Nous roulons tranquillement dans les rues de Boulogne-Billancourt, avec mes camarades Maurice Auzel et Dominique Zardi, quand nous apercevons à un croisement un type sur la chaussée, allongé, une moto couchée elle aussi, et une voiture garée n’importe comment à côté. Nous nous arrêtons pour porter secours à la victime. Qui n’est pas brillante — ni le chauffard, d’ailleurs : il pleure toutes les larmes de son corps, assis sur la chaussée.

Dans un bistrot voisin, je me presse d’appeler la police. Qui, elle, ne se dépêche pas. Quand la fourgonnette apparaît enfin, l’attroupement autour de la scène de l’accident a grossi et ses récriminations contre la lenteur et la paresse des flics, aussi. Alors qu’ils auraient pu se pointer en sauveurs, ils se présentent immédiatement en ennemis. L’un d’eux n’a pas encore mis le pied à terre qu’il me jette un expéditif : « Ta gueule ! » Je n’ai rien dit de spécial, je suis plus calme que la plupart des individus présents. Et mes mains dans les poches prouvent mes intentions pacifiques. Mais je ne suis pas non plus un saint, et j’ai l’habitude de répondre aux grossièretés, de ne pas me laisser insulter sans moufter. J’ai juste le temps d’émettre un passionnant : « La tienne ! Remonte dans ton fourgon ! », que je ressens une douleur fulgurante à l’arrière de la tête où l’on vient de m’assener un coup. Je tombe aussitôt KO, inconscient.


Je me suis à moitié réveillé dans la camionnette de police qui m’emmenait à l’hôpital.

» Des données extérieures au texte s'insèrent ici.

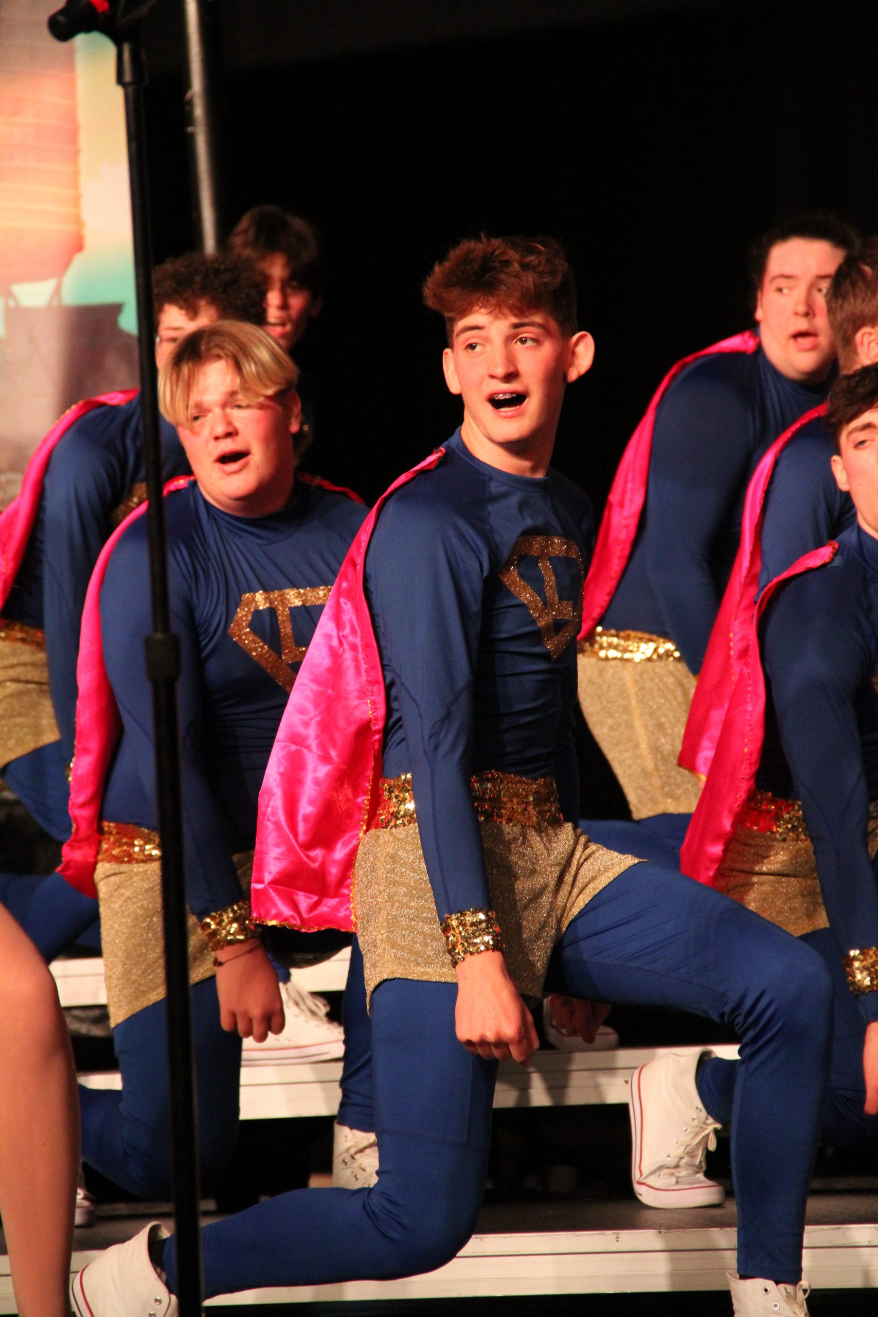 After lunch, it was time for the Open Show Choir Division. Greenfield-Central HS, Greenfield (IN) Legacy presented their inspiring program, Heroes. In only their fifth year of competition, this group used comic-book superheroes to explore societal norms, encouraging all to follow their own path. Costuming complete with capes was replaced with bright fuchsia sequin in this beautiful performance. The next ensemble, Take One from New Hope HS, Columbus (MS) ticked off a great performance of their program, Time. A strong repertoire of songs about time kept us on the journey of growing, living and loving.

Mais, là, ils n’ont pas voulu me prendre en charge ; alors j’ai fini dans une cellule avec les bourrés du vendredi soir et mes copains qui jouaient pour de vrai, très inquiets pour moi, aux infirmières. Il faut dire que je me sentais proche de la mort, tant je souffrais.

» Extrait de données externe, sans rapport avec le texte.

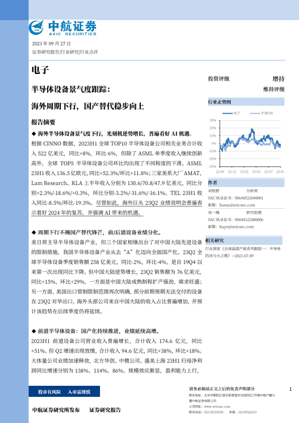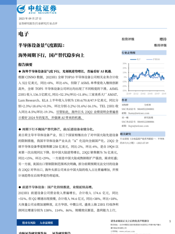 【中航证券】【20230927】电子行业半导体设备景气度跟踪:海外周期下行,国产替代稳步向上-17页
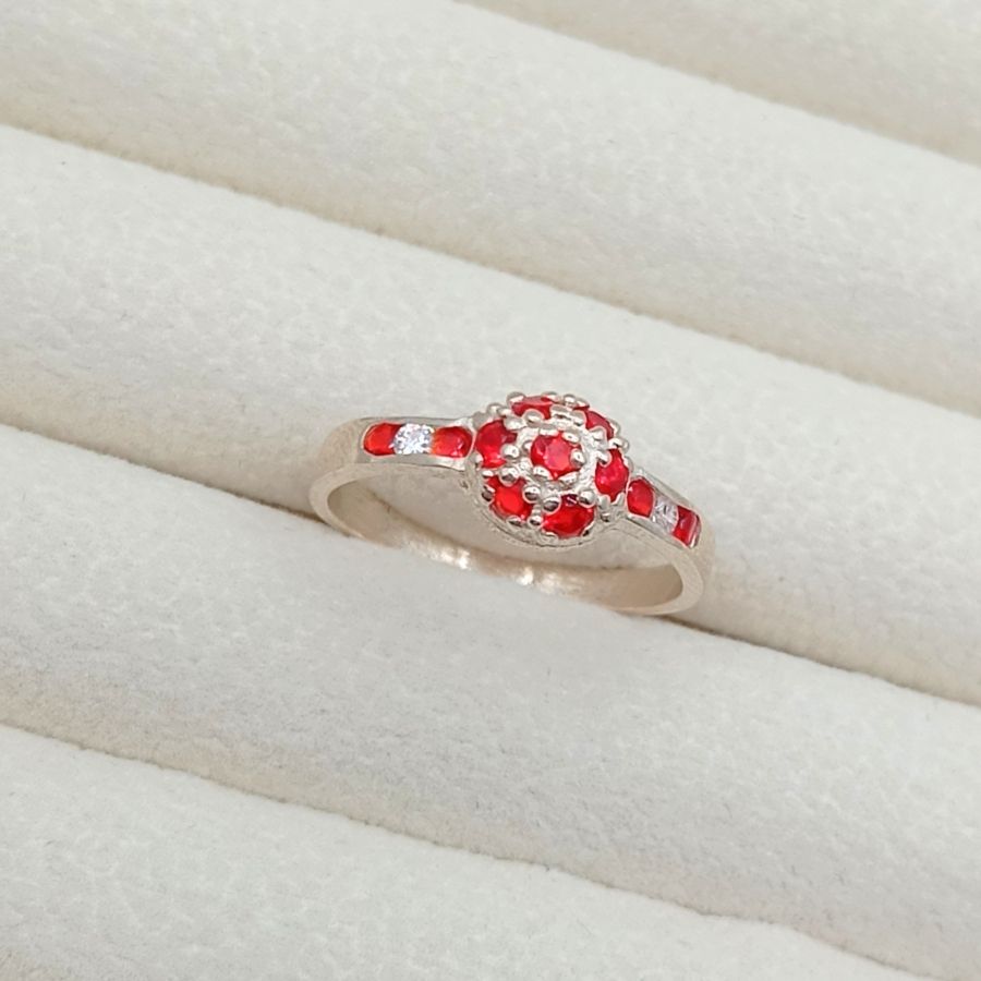 ANILLO DE PLATA FRUTILLA C/ PIEDRITA A LOS COSTADOS

J’ai finalement sombré dans le coma au son de la voix de mes acolytes qui suppliaient les gardiens de faire venir un médecin pour « Jean-Paul Belmondo, la vedette du cinéma ». Et eux de répondre : « C’est ça ! Et moi, je suis le shah d’Iran ! »

Le lendemain soir, mon avocat a réussi à nous faire sortir et, dès que j’ai été remis, j’ai accepté de répondre aux questions des journalistes sur mes mésaventures.

Le procès, lui, nous a déclarés ex aequo, match nul. Nous avons eu la même amende à payer. Entre-temps, j’ai offert quelques saynètes au tribunal :

« C’est parce que vous jouez les gangsters que vous vous autorisez de tels comportements ?

– Écoutez, madame, j’ai joué Léon Morin, prêtre, et je n’ai plus envie de donner l’extrême-onction à qui que ce soit ! »


La brutalité des poulets m’avait mis hors de moi, parce qu’elle me rappelait celle de l’adjudant casseur de nez et qu’elle était déloyale. Mes poings dans les poches, je n’étais pas prêt à me défendre contre un lâche qui attaque par-derrière.

J’étais soulagé de n’avoir pas de séquelles cette fois et, trois jours après les événements, je n’y pensais plus, inondé par la joie de la naissance de mon fils Paul, le 23 avril 1963.